In both situation sets, the association between the gender preference for humans and both types of robots was found to be moderate, and the strength of the association was comparable. In other words, those who tended to prefer a particular gender of robots also tended to prefer a particular gender of humans. Similarly, we suggest that people who do not have a gender preference for humans are less likely to have one for robots. Thus, it is possible that assigning genders to robots may not necessarily increase gender bias.

4.2 Egalitarian gender role attitudes according to participants’ genders and gender preferences

In addition, in some situations for android-type robots and in all situations for machine-type robots, the equality orientation in gender role attitudes was shown to be higher for those who were not specific about their preference for a robot’s gender. Therefore, people with a low gender bias were less likely to have a gender bias toward robots, and the introduction of a robot with a specific gender did not increase any gender bias. In this regard, the problem is not associated with the design of the robot but the gender bias that people already have toward one another. Therefore, to intervene in and solve the problem of gender bias against robots, educating people about gender bias is an effective solution. Moreover, for people with a pre-existing gender bias, the introduction of gender in the design of a robot may increase this bias. It is important to examine this point in the future.

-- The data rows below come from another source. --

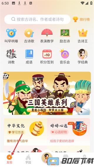 1、发现页面提供古诗检索与叫早哄睡等功能,包含三国系列等传统文化学习内容。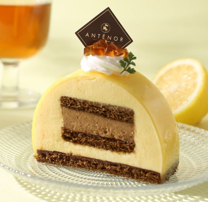 紅茶のアーモンドスポンジでアールグレイ香るショコラムースをサンドし、レモンとはちみつのムースで包みました。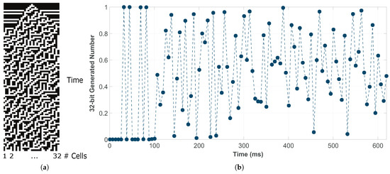 In order to generate pseudo-random numbers, the authors were based on the ECA rules classification made by Wolfram in [104], who suggests that Rules 30 and 45 are the most suitable rules for pseudo-random number generation. Therefore, in the proposed circuit, based on the design strategy described for Rule 126, Rules 30 and 45, whose Boolean functions are shown in Equations (10) and (11), respectively, were combined and alternating every three time steps yielding a random enough sequence to be unpredictable, based on the evaluation performed using MATLAB©. To test the sequence’s randomness, the method selected [105] is called the Runs Test. Each run is defined as a non-stop series of increasing or decreasing values. The run’s length is equal to the number of these increasing or decreasing values. When the set of values comprises random data, then the probability that the value is followed by a larger or smaller value follows the binomial distribution. The results of the MCA’s evolution are shown in Figure 11a, while the generated numbers in format are shown in Figure 11b.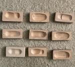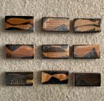 Mado JOLAIN (1921-2019) Série de neuf couteaux en terre cuite à décor de poissons émaillée Provenance : galerie A Rebours (Favardin) 8 x 4 cm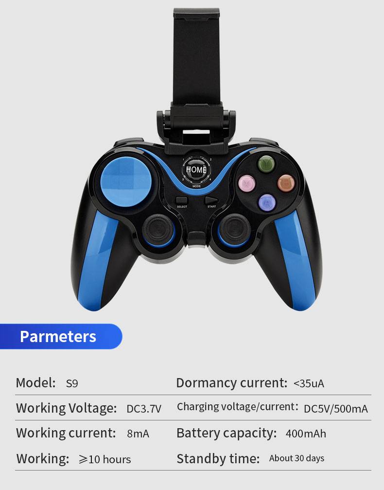 دسته بازی S9 وسیله ای خوش قیمت و کاربری برای دوست داران بازی های موبایل می باشد که با قیمتی اقتصادی و متریالی مطلوب ارائه می شود. بدنه این وسیله با ترکیب رنگ آبی و مشکی ظاهری مدرن به خود گرفته و با بهره مندی از متریال پلاستیک سخت و سیلیکون می تواند نوید استحکام هرچه بیشتر در برابر فشار و ضربات ناگهانی را بدهد. طراحی استاندارد و طبق ارگونومیک دست موجب شده تا دسترسی به تمامی کلید ها در سریع ترین زمان ممکن صورت گیرد و در استفاده های طولانی موجب خستگی دست کاربر نشود. هولدر گوشی نیز که روی دسته قرار دارد و به سمت بالا باز می شود با گوشی های حداکثر ۹۵ میلی متری سازگار است و با طراحی مناسب خود مانع از آسیب رسیدن به قاب پشتی گوشی می شود.

Although it has been reported that gendered robots may lead to the reproduction of gender stereotypes (Marchetti-Bowick 2009; Robertson 2010; Weber and Bath 2007), the present results do not suggest this, at least not in the context of this empirical study. An investigation into whether this is related to the culture of Japan or whether it is limited to the situation examined in this study will need to be conducted in the future.

The results also showed that numerous respondents did not prefer the gender of their communication robot. Based on this viewpoint, there is no need to introduce a robot that specifies its gender, thereby preventing the reproduction of gender stereotypes.

4.3 Implications

In Japan, when robots are introduced into daily life, there is no need to give them a specific gender appearance. Although providing a robot with a feminine appearance may be preferable to some due to past traditions, presently, it may be more appropriate to introduce robots with a gender-neutral appearance to avoid reproducing any gender bias. There is also the possibility that introducing these kinds of robots will be more acceptable abroad. Certainly, there may be cases where it is better to assign a gender depending on the characteristics of the situation or purpose, but it should be done with careful consideration.